I attended Intel’s software conference in Barcelona earlier this week, and took the opportunity to talk to Director of Software Products James Reinders. I asked him about the complaint from the FTC, which I reported on here, that Intel deliberately underperforms on non-Intel CPUs, specifically those made by AMD. Was it a valid complaint?
He was surprisingly (to me) forthright.
It’s not valid. It’s misguided. Intel’s compilers are very high performance. If you use our compiler, you’ll get better performance on Intel or AMD processors than if you used anyone else’s compiler. That’s always been our goal. We believe – I’ll use the words “in general” and that’s a legal disclaimer – in general we’re better. Why don’t I say always? Always is an absolute. Nobody is “always” anything. We are as close to always as we can figure out to be. We have many customers that use our compiler, ship code, because they believe it gets the best performance on Intel and AMD. We will back that. If you find that our compiler is getting less performance on AMD than someone else’s compiler, we consider it a bug. That includes AMD processors.

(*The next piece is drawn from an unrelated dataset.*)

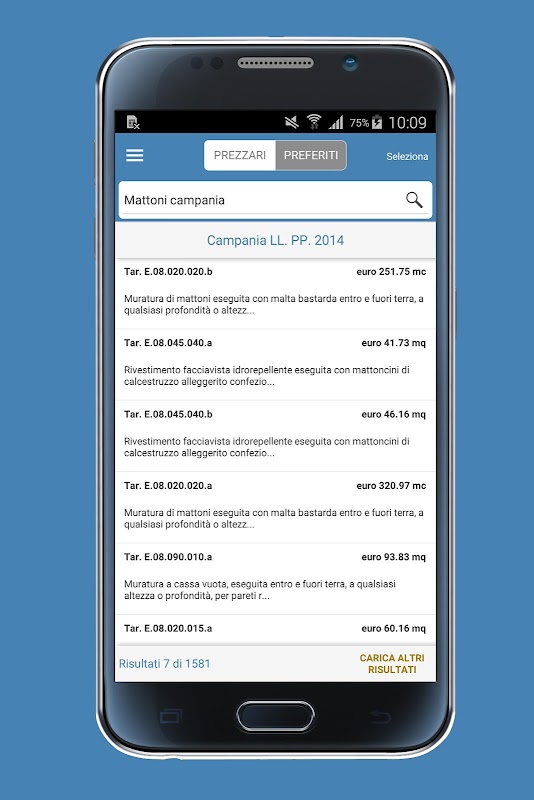 Con PriMus PREZZARI hai tutto il mondo dell’edilizia nelle tue mani! Puoi cercare voci di E.P. nella banca dati dei materiali e prezzari d’Italia, selezionare, conservare, condividere o inviare i dati sul tuo PC per il computo.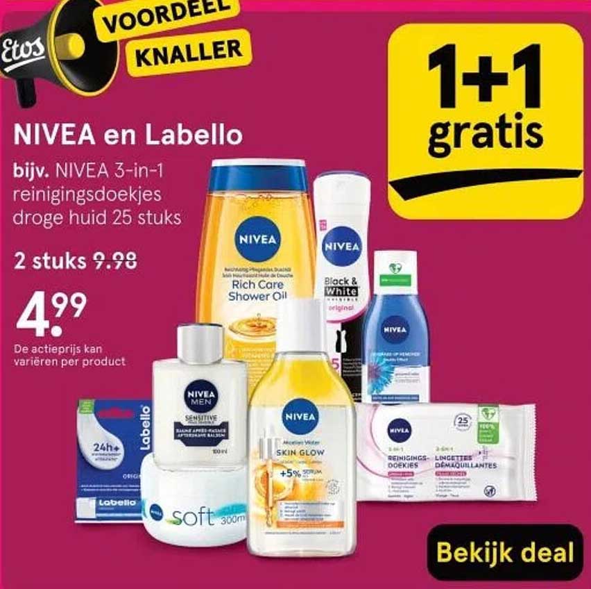 Bekijk nu de NIVEA en Labello 1+1 gratis aanbieding in de Etos folder. Deze aanbieding is geldig van 27-10-2025 tot en met 02-11-2025.

We settled the suit with AMD, we agreed that we wouldn’t do things we were accused of in future – well, we didn’t do them before. There’s a lot of proof points. AMD used our compiler for benchmarking for a long time. They didn’t do that because we were lower performance.
There are a lot of technical nuances, details of what we do in our compiler that are confusing. One of the challenges is how do we produce a binary that runs best on Nehalem, and on an older Intel processor, or on a processor that supports SSE 2.0 but not 3.0? We have technology in our compiler to try to adapt to that. We mix into that blend AMD, because AMD processors have different capabilities, in the same way that our processors have different capabilities from each other. Yes, people will say, “hey, your compiler’s checking for an AMD processor”. Yes, absolutely, we also check to see if we’re on a Intel processor that only supports SSE 2.0. We have to. AMD processors don’t support the same instructions we do. Our processors have a lot of variety too.
The short answer is that we didn’t do what we’re accused of, we’re very serious about being an excellent compiler for AMD as well as Intel, and this extends to our libraries too.
So that’s telling them. Is he correct and it was a misguided complaint? Well, as I mentioned previously, there are issues of disclosure as well as performance if you are publishing benchmarks; and it is hard to believe that Intel devotes equal effort to optimisation on AMD processors as for its own. Nevertheless I respect Reinders and don’t dismiss his statement. Perhaps Intel’s compiler is OK for AMD after all.